Each shard of a sharded cluster instance consists of three nodes by default. If a node is faulty, the high availability system of ApsaraDB for MongoDB automatically triggers a primary/secondary failover to guarantee the availability of the shard. In addition, you can manually trigger a primary/secondary failover for an ApsaraDB for MongoDB instance in scenarios such as routine disaster recovery drills.
ApsaraDB for MongoDB provides addresses for you to connect to the primary node and a secondary node of a shard. The other secondary node is hidden as a backup to guarantee high availability. After you log on to the ApsaraDB for MongoDB console or call the SwitchDBInstanceHA operation to trigger a primary/secondary failover for a shard of a sharded cluster instance, ApsaraDB for MongoDB interchanges the roles of the primary and secondary nodes.
- You can trigger a primary/secondary failover only for replica set and sharded cluster instances, but not for standalone instances due to their single-node architecture.
- You can trigger a primary/secondary failover only for shards in the normal running status.
- After you trigger a primary/secondary failover for an instance, the instance may be disconnected for 30s once.

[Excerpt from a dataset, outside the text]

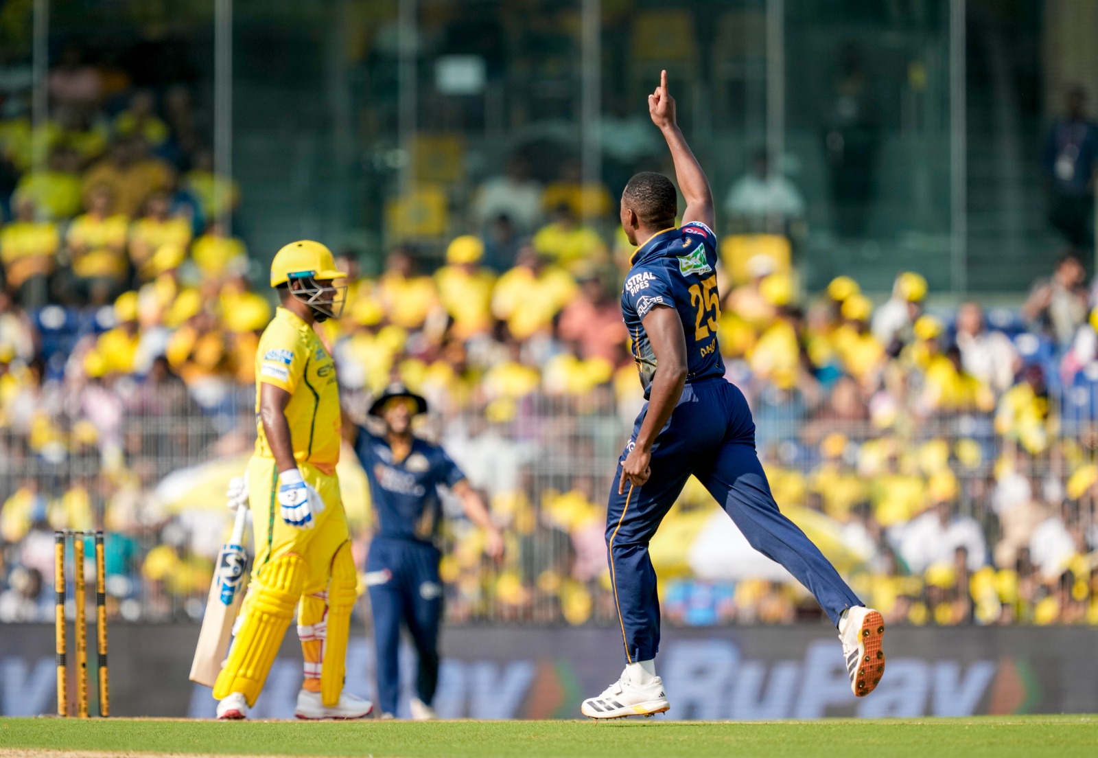 ગુજરાત ટાઇટન્સ (જીટી)એ ચેન્નઈમાં ચેન્નઈ સુપર કિંગ્સ (સીએસકે)ને પ્રથમ બૅટિંગ આપ્યા બાદ એને મુસીમતમાં મૂકી દીધું છે. સીએસકેએ પાવરપ્લેની છ ઓવરમાં ફક્ત 28 રનમાં ત્રણ વિકેટ ગુમાવી દીધી. સુપરસ્ટાર બૅટ્સમૅન સંજુ સૅમસન (11 રન)ને રબાડાએ વિકેટકીપર બટલરના હાથમાં કૅચઆઉટ કરાવ્યો ત્યાર બાદ સીએસકેને બીજા બે આંચકા લાગ્યા હતા. ઉર્વિલ પટેલ ફક્ત ચાર રન કરીને આઉટ થઈ ગયો ત્યાર બાદ તેના સ્થાને ઇમ્પૅક્ટ પ્લેયર તરીકે બોલાવવામાં આવેલો સરફરાઝ ખાન (0) તેના પહેલા જ બૉલ પર આઉટ થઈ ગયો હતો. ઉર્વિલને પણ રબાડાએ આઉટ કર્યો હતો, જ્યારે સરફરાઝની વિકેટ મોહમ્મદ સિરાજે લીધી હતી. 3/34ના સ્કોર વખતે કૅપ્ટન ઋતુરાજ ગાયકવાડ 16 રને અને ડેવાલ્ડ બે્રવિસ બે રને રમી રહ્યો હતો.

We recommend that you perform this operation during off-peak hours and ensure that your applications can automatically re-establish a connection.

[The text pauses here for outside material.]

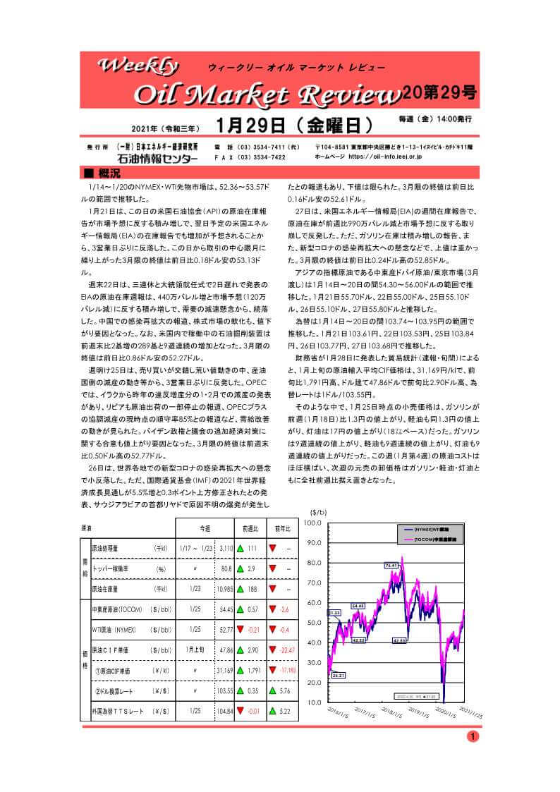 1/14~1/20のNYMEX・WTI先物市場は、52.36~53.57ドルの範囲で推移した。

- Log on to the ApsaraDB for MongoDB console.
- In the upper-left corner of the page, select the resource group and the region of the target instance.
- In the left-side navigation pane, click Sharded Cluster Instances.

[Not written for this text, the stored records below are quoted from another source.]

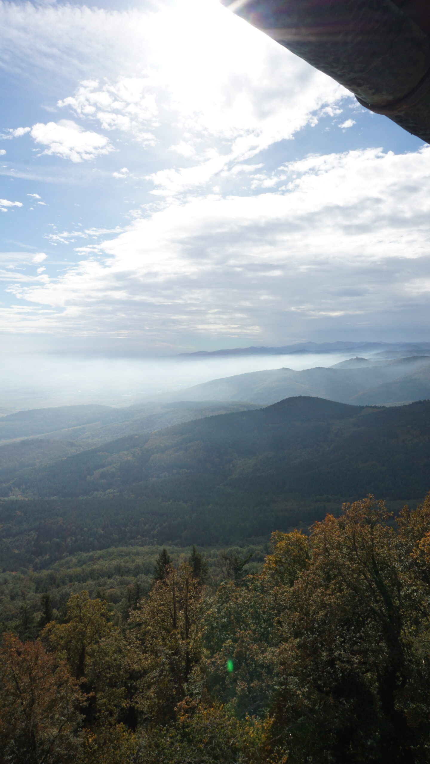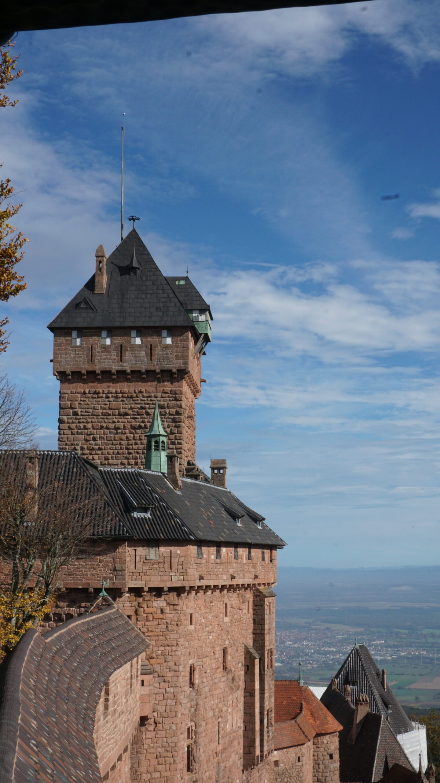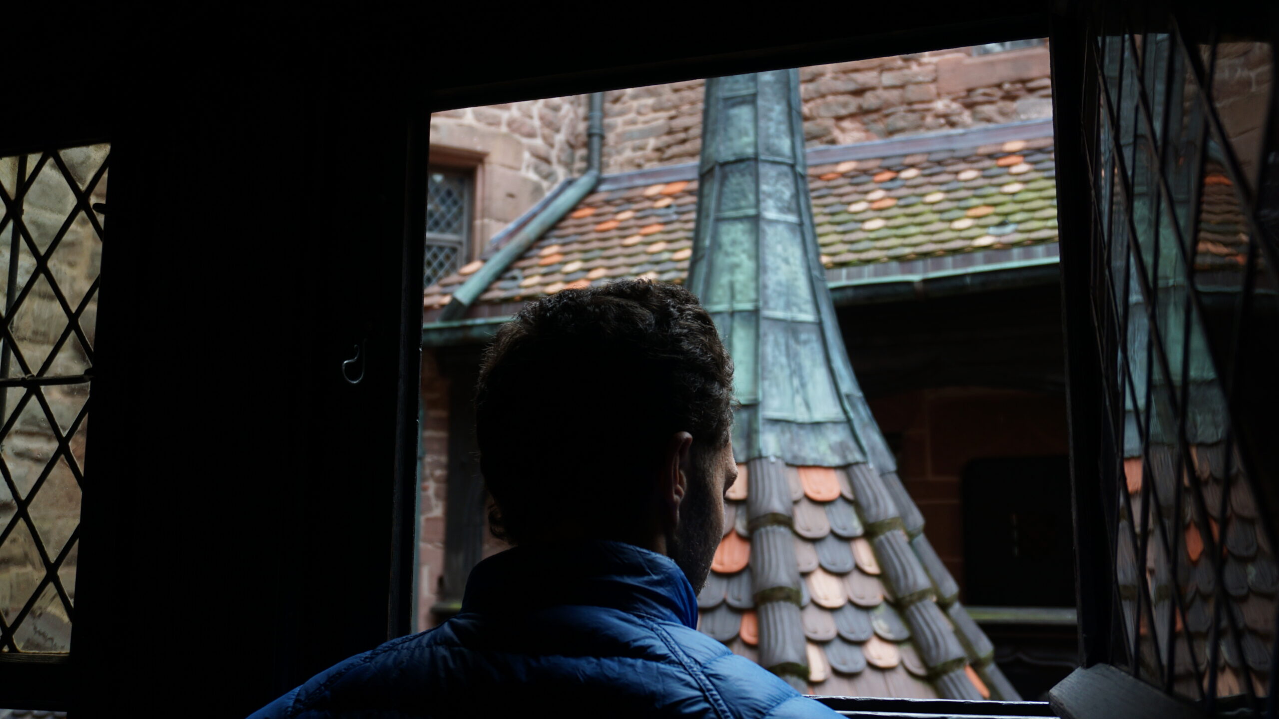 On commence ensuite la visite du château. C’est un amoncellement de couloirs, d’escaliers, de pièces un peu vides mais belles, avec des armes parfois, des fresques, des meubles anciens sculptés. On en apprend sur la vie du château. Il y a un petit jardin intérieur avec une jolie vue. On essaye d’ouvrir chaque fenêtre et on y arrive parfois, ce qui nous offre de jolies vues sur l’extérieur. La plus belle reste celle en arrivant tout en haut, à l’endroit où sont placés les canons pour défendre le château. Le soleil nous rejoint et donne une vue magnifique sur les Vosges.
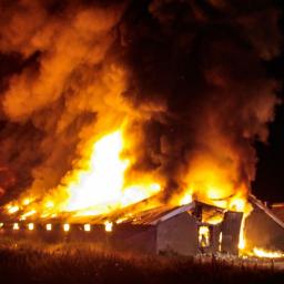 Een kippenschuur brandde woensdagnacht volledig uit. Hierbij kwamen waarschijnlijk 16.000 kippen om.
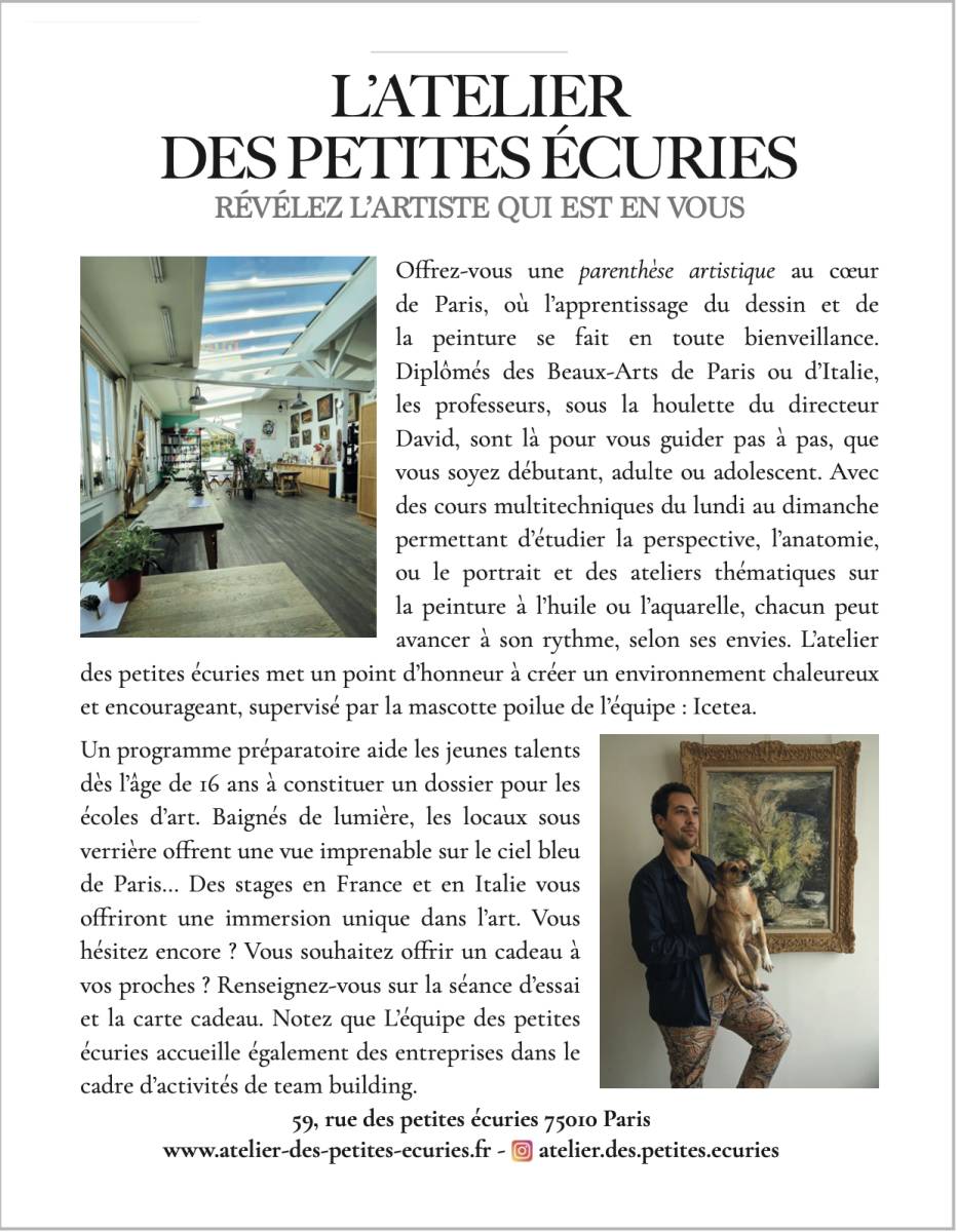 L'Atelier des Petites Écuries, école de dessin et de peinture pour adultes et adolescents située en plein cœur de Paris, est fier d'annoncer sa parution dans le magazine ELLE du 30 janvier 2025.
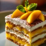 Cette recette transforme le tiramisu traditionnel en un dessert fruité et léger. La mangue apporte du peps et une texture juteuse, le lait de coco remplace le café ou l’alcool pour un goût plus doux, et les biscuits à la cuillère gardent une base moelleuse. Elle convient bien aux repas d’été, aux invités qui cherchent une alternative au chocolat, ou simplement quand on veut quelque chose de frais.
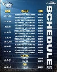 The schedule for the 2024 edition of the World Championship of Legends Cricket is expected to be packed with exciting fixtures. While exact dates can fluctuate based on television rights, venue availability, and player schedules, here’s what fans can generally expect:

- Find the target instance and click its ID.
- In the Shard List area, locate the target shard and choose in the Operation column.
You can trigger a primary/secondary failover separately for each shard. The failover takes effect only for the current node and does not affect other shards of the same sharded cluster instance.
- In the Failover dialog box that appears, choose Effective At and click Submit.Note You can set Effective At to specify the time when the Failover task takes effect. The following options are supported:
- Effective Immediately: specifies that the system runs the failover task immediately.
- Effective Within Maintenance Window: specifies that the system runs the failover task within the specified maintenance period. For more information, see Specify a maintenance period.
- The instance status changes to HA Switching.The failover is successful when the instance status changes back to Running.Note The failover takes about 1 minute. You can repeat the preceding procedure to trigger a primary/secondary failover for other shards of the same sharded cluster instance as required.